1. Sam Cannon, Facebook, Data Scientist

I feel like natural language processing (NLP) is currently moving at an unfathomable pace, which is simultaneously exciting and frustrating. Once I have established a decent pipeline for text classification or distributed word representation clustering, a new model comes out that outperforms what I was using yesterday.

That being said, I am super excited about the direction that NLP is taking — particularly with respect to open source solutions for complicated NLP tasks. One of my favorite companies in this space, and my personal barometer of open source, state-of-the-art NLP, is Hugging Face. Hugging Face is following a creed of “solv[ing] NLP” through democratizing complex NLP models and tasks that would normally be impossible for many individuals to utilize due to the lack of computational power or expertise.

They already offer simple sentiment analysis solutions that require minimal user input. Building on that, I think 2021 will usher in a wave of pre-packaged SOTA NLP models that can be used with one line of code. While it is impossible to forecast what will truly be accomplished in this space in 2021, I believe that, at the very least, out-of-the-box NLP models will allow more people to gain insights from their natural language data than ever before — and that is what I am most looking forward to in our field in 2021.

2. Catherine Tao, The Data Standard, Data Scientist

I am excited to see how cloud computing will be innovated in the tech space for 2021. As of now, the cloud is a space for a company’s data to be stored. There have been some challenges with this, such as scalability, efficiency, data streams, and more.
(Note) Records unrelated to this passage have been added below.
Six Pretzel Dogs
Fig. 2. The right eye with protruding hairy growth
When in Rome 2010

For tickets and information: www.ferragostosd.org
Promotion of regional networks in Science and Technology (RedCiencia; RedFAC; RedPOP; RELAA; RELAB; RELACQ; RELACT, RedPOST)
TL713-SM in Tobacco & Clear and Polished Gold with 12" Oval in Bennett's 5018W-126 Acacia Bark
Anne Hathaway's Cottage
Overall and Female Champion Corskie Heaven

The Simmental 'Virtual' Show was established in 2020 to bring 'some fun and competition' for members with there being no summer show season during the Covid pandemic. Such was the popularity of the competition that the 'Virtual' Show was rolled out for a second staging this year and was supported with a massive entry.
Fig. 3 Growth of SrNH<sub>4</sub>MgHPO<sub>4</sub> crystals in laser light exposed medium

I want to see how cloud computing can be improved in order to balance some of these major issues that tech businesses are facing. Many companies are struggling with how to bring AI into their businesses, and this results in certain companies falling behind in the tech industry. By innovating cloud computing, more companies should be able to implement artificial intelligence at their companies and deploy projects/products at a more productive level.

3. Riley Kinser, Terrain, Head of Product

Looking into 2021 (hopefully a much brighter year for commercial real estate!), my primary focus is to become an expert on both new and established tools for mapping geographic data. One of my primary roadmap objectives is to translate our insights at Terrain into maps that are easy to interpret for our end-users.
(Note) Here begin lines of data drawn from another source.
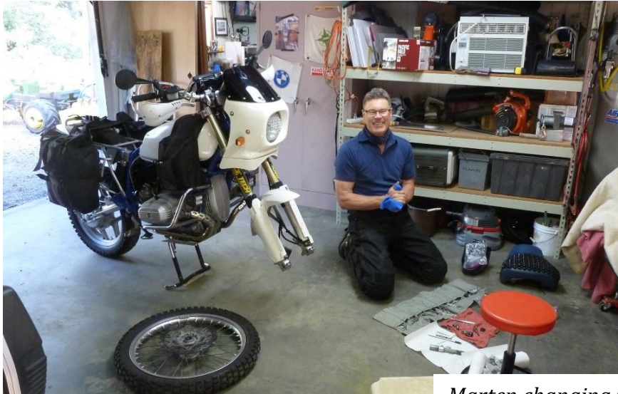
Marten changing tires.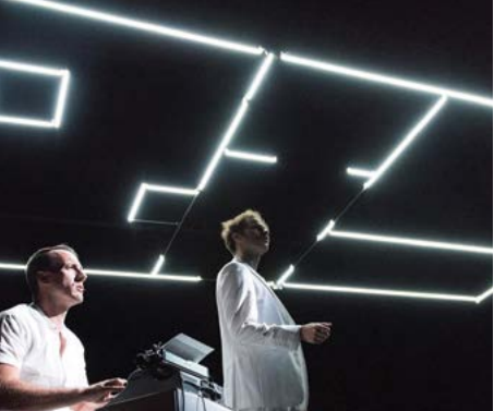
Firstworks presented Early Morning Opera with Expeditions support; photo courtesy of Early Morning Opera.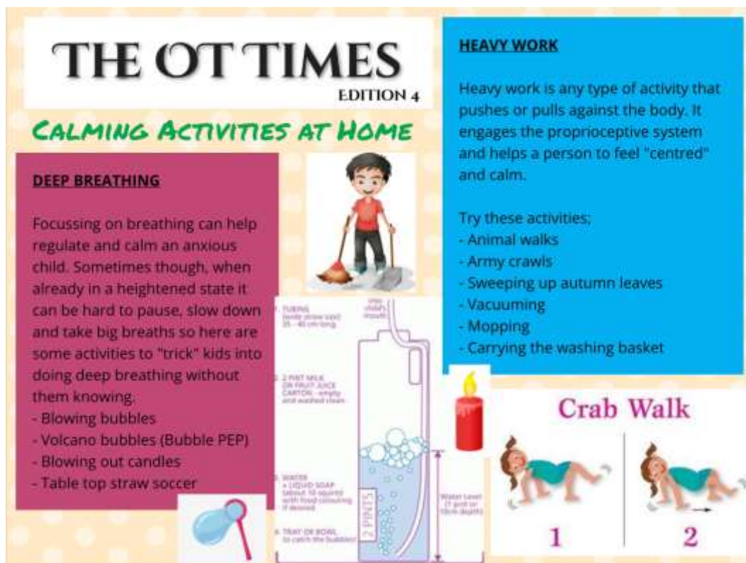
Brittany Curtain Occupational Therapist

Please note that modified arrangements for End of the School Day Pick – Up will continue in Term 2. With the construction of the new School Building beginning over the school holidays approximately 20 staff car parks have been lost and will require some staff to park on Fortune Street until our temporary car park is constructed.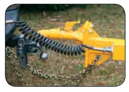
Adjustable Height Hitch easily adjusts to different tow vehicles to keep the chipper level and aid in safe towing.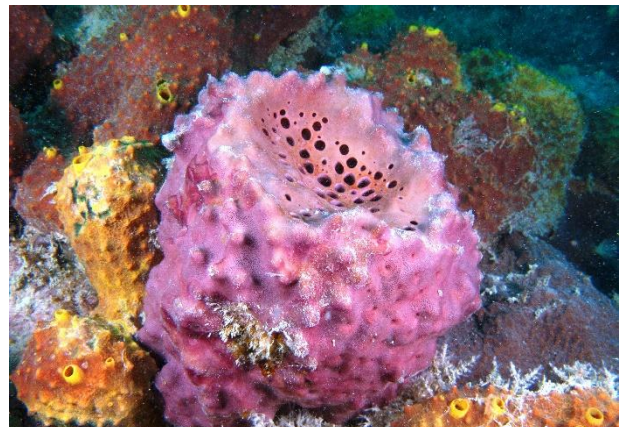
Sponges in the North Kimberley Marine Park.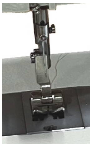
Closeup of needle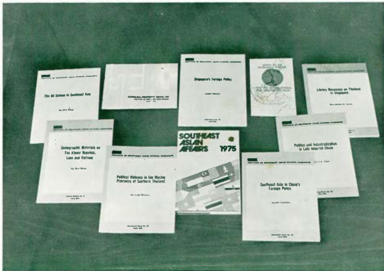
Some Recent Publications of the Institute.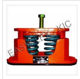
Cased Spring Mount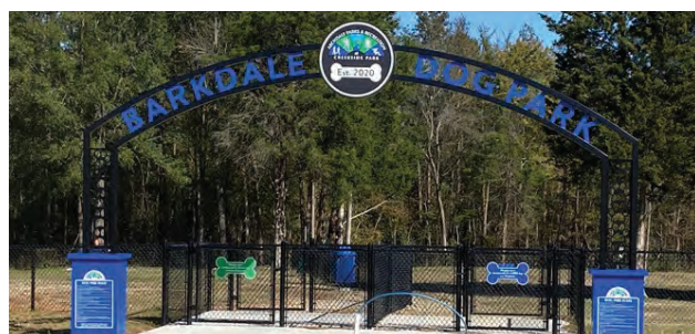
Creekside Park Enhancement, Archdale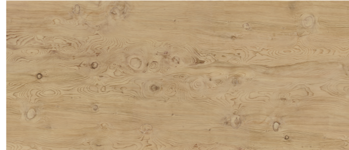
La Boheme 01

Thickness: 6mm Finish: Satin Code: NLIR0MOS6+ST Trade Price: $210 per square metre + GST Discounted Price: $115 per square metre + GST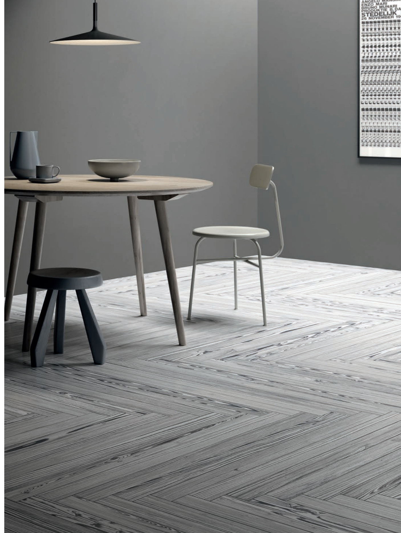
3"x48" Field Tile in Black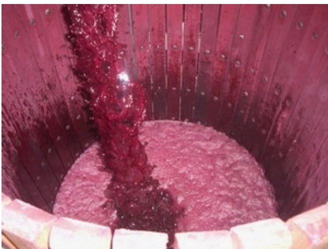
DRAINING GREENOCK SHIRAZ INTO BASKET PRESS

So overall, a very pleasing vintage from 2004!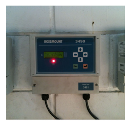
Rosemount 3490 controller used for local display and alarms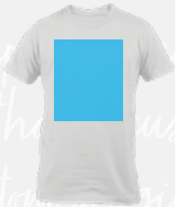
FULL FRONT MAX AREA: 12" x 14"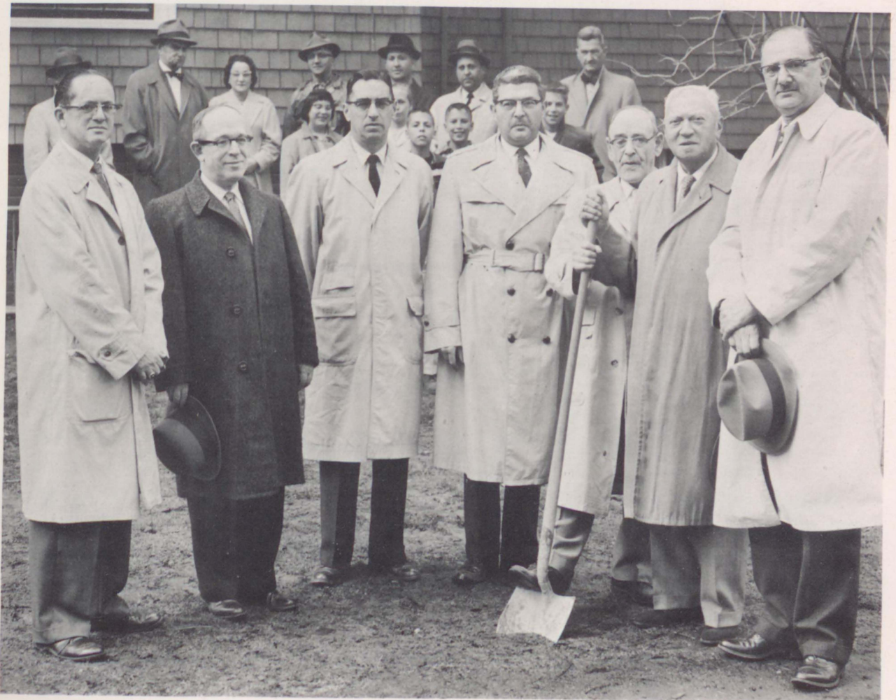
Ground Breaking Ceremonies April 1960

A lot of the examples in the industry today are done using ArcGIS, which is an older but well-established tool for mapping data. I believe better tools may be out there, which presents an opportunity to provide our clients with a new take on an old classic. Two of the tools I’m interested in exploring are open source projects developed by Uber: H3 and kepler.gl. One of the main advantages to H3 that I see is the ability to subdivide the world into hexagons of varying sizes depending on zoom.

This solves one of the early problems we identified, which is that different users like to take different perspectives on the boundaries of neighborhoods, submarkets, or cities within a metro area. This also better enables us to develop maps internationally where data around boundaries can be harder to obtain.
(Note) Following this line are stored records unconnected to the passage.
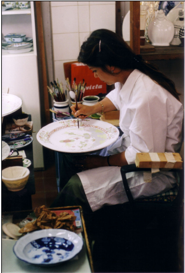
Artist at work at Cooperativa Ceramiche, Imola

Most employees aren't co-op members in this firm. Of 1350 employees (40% women), only 172 are members of co-op -- mainly in the production departments -- and only 10% of these are women. To be eligible for membership requires a minimum of five years of employment, a positive job review, and values compatible with those of the co-op. It also requires a willingness to pay a high membership fee: $112,000, payable over time, and the membership fee is revalued annually to adjust for inflation. Interest on the membership fee is currently 9%, and patronage dividends for members run about 30% of annual salaries. The membership fee is returned at retirement.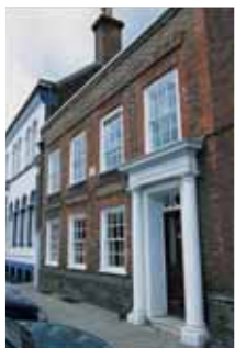
18 Court Street (Shepherd Neame brewery)

For further information contact: Faversham Tourist Information Centre Fleur de Lis Heritage Centre 10-13 Preston Street, Faversham Tel: (01795) 534542 Email: faversham@btinternet.com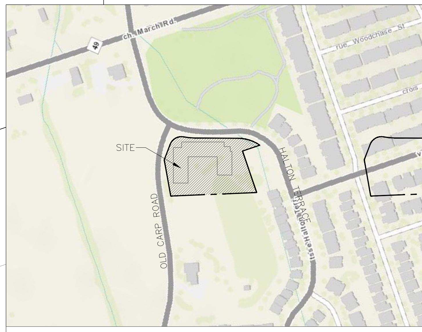
LOCATION PLAN NTS

GENERAL NOTES IT IS THE RESPONSIBILITY OF THE CONTRACTOR TO VERIFY ALL DIMENSIONS ON SITE AND REPORT ANY ERRORS AND OMISSIONS TO THE ARCHITECT. ALL CONTRACTORS MUST COMPLY WITH ALL PERTINENT CODES AND BY-LAWS. DO NOT SCALE DRAWINGS. THESE DRAWINGS MAY NOT BE USED FOR CONSTRUCTION UNTIL SIGNED. THIS DRAWING IS THE EXCLUSIVE PROPERTY OF COLIZZA BRUNI ARCHITECTURE INCORPORATED. COPYRIGHT RESERVED.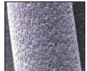
Typical welding wire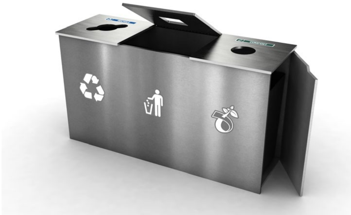
Triple 32 Gallon with side doors and middle hinged top

The Royal Collection is recognized by its brushed aluminum panels and a stainless steel top. Available in small gallon capacities with a hinged top and larger gallon capacities with door access, customize the Royal Collection to your waste streams and capacity needs.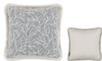
Cerelia Baltic VNC3559/05 40cm x 40cm / 15.75" x 15.75"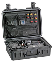
iM24XX-PHOTOPALLET Photography Pallet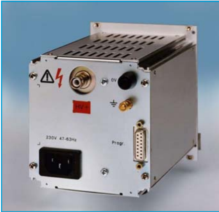
Rear side with mains connection, high voltage output and analog programming as a standard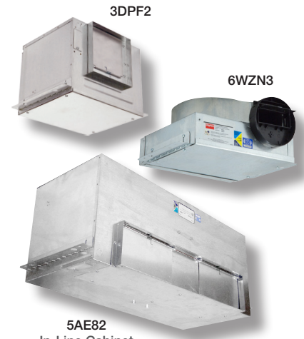
3DPF2, 6WZN3, and 5AE82 In-Line Cabinet Ventilators

Call or visit your local branch or go to grainger.com/dayton for complete product line information.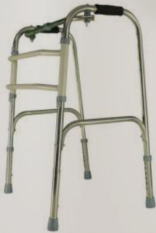
Folding Walking Aid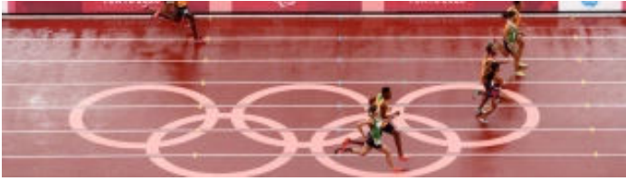
WATCH: Visually impaired Paralympic athlete gets engaged to guide runner after finishing race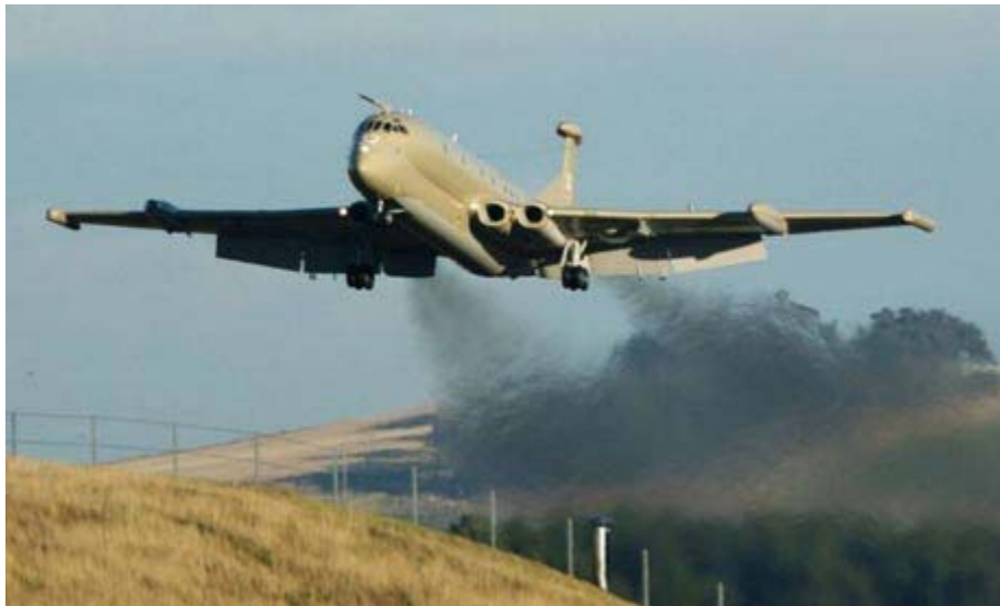
A Nimrod that hasn't crashed yet landing at RAF Kinloss.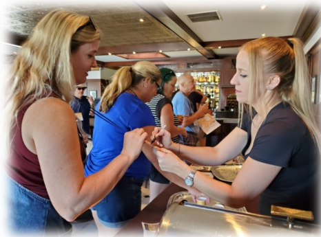
The Main Course Restaurant served lobster bisque, clam chowder and wine from Milagro Winery.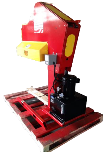
MODEL CS-32 (Shown with Optional Spare Blade)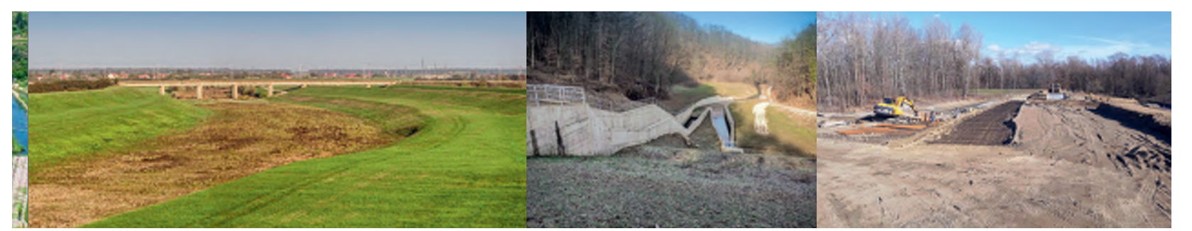
Odra Relief Canal Burnjak Retention Basin Mura River dikes

kepler.gl, on the other hand, is interesting because of its relative ease to develop and host online for end-users or for an MVP. Uber developed Kepler.gl to allow users to internally (technical and non-technical) and quickly develop maps that could be shared for visualizing ideas from geospatial data. One of the other fun things that kepler.gl supports is the ability to easily visualize geographic data over a time series. I expect to begin with kepler.gl for our MVP and then explore H3 as we begin to collect user feedback.

4. Chris Zeoli, Base10 Partners, Principal

While there are a number of trends I am very excited about, eCommerce (particularly the rise of Shopify and the associated tools with it) and telemedicine are two of the areas I am most excited about. I’ve written about the Shopify ecosystem and the company continues to reach new heights, powering over $100B of GMV for over 2 million merchants.

I am particularly excited about its new partnerships with the likes of Facebook/Instagram, TikTok, Alipay, Affirm, and Pinterest, as Shopify becomes the underlying infrastructure for commerce across the major networks where consumers are. Its software as well as third-party ecosystem have been incredibly exciting to watch flourish. It’s been interesting to see traditional areas of eCommerce continue to grow (apparel and fashion, CPG products, health and wellness, etc.) while seeing newer categories like food/ grocery to auto come online through platforms like Shopify.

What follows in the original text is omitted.